自律反発の部分も含めて政権の手柄だと宣伝し、経済は回復したと国民にアピールを続けている。
それなのに、日銀だけがいまだに潜在成長率と擦り合わない物価目標を掲げ、迷走を続けている。
その姿は、政府が降伏を決め、大本営の司令官らがぬくぬくと生きながらえる中、意味もなく玉砕を強いられる部隊のようだ。
さらに問題なのは、日銀が迷走を続ければ続けるほど、日銀のバランスシート拡大を通して日本経済の抱えるリスクが増大してしまう点にある。

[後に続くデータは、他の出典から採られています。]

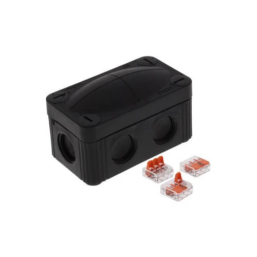 Wiska Junction Box 206/WW/3221/B IP66/67 c/w 3x 3Way WAGO Connectors 85x49x51mm Black
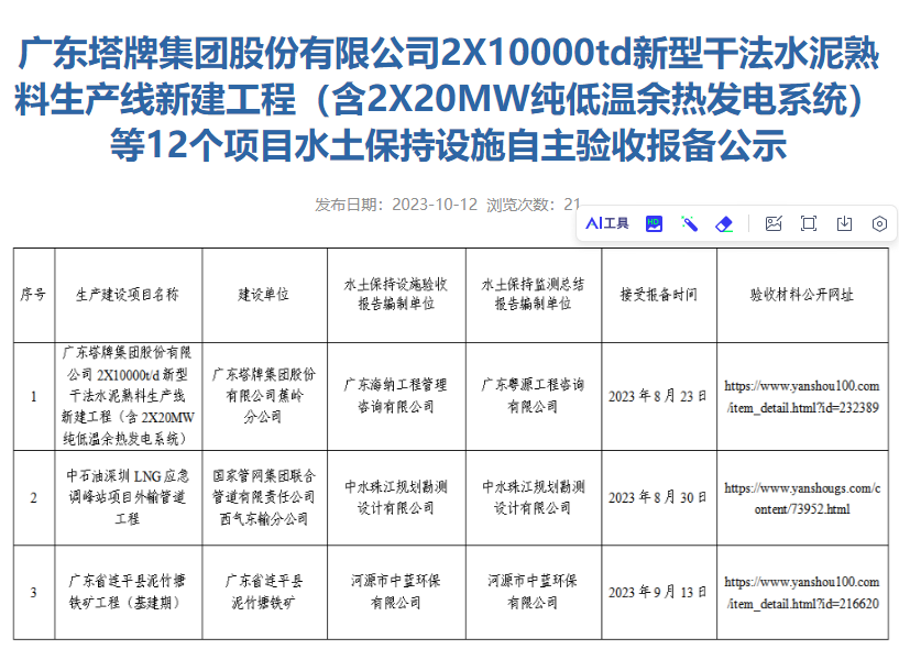 10月12日,广东省水利厅公布广东塔牌集团股份有限公司2X10000td新型干法水泥熟料生产线新建工程(含2X20MW纯低温余热发电系统)等12个项目水土保持设施自主验收报备公示。

木内氏は、経済安定化政策の役割について問い直している。

「金融政策は、何らかのショックによる一時的な景気後退時に、あくまでも将来の需要を前借りして需給ギャップを埋めるものだ。
財政政策も同様だ。」

基調的なインフレ率を上昇させたいなら潜在成長率を引き上げるのが王道だ。
ところが、リフレ派の中にはインフレ/デフレが純粋な貨幣現象にすぎないと考える人が存在していた。
QQEによって日本経済が異次元の日本に遷移し、循環的に戻らなくても済むというような夢物語が語られていた。
遷移の先には、インフレと経済成長が用意されているというわけだ。
しかし、こうした楽観的な見方は日本だけでなく欧米においても下火になってきている。
欧米において基調的な物価水準が十分でなくとも、金融政策を引き締め的にしようとする動きがあるのがその証左だ。
彼らは今、金融政策正常化が経済を危機の頃に引き戻すのではないかとの恐れを払拭しきれない。

前借りを多くすれば、返済も重くなる。
経済安定化策が経済循環をならすのが役割なら、一定の経済回復を見た今、長く続けてはいけない。
早晩、市場から買える国債はなくなる。
木内氏は、日銀でも金融政策の「正常化は必至」だとして、その道筋を示すべきと語っている。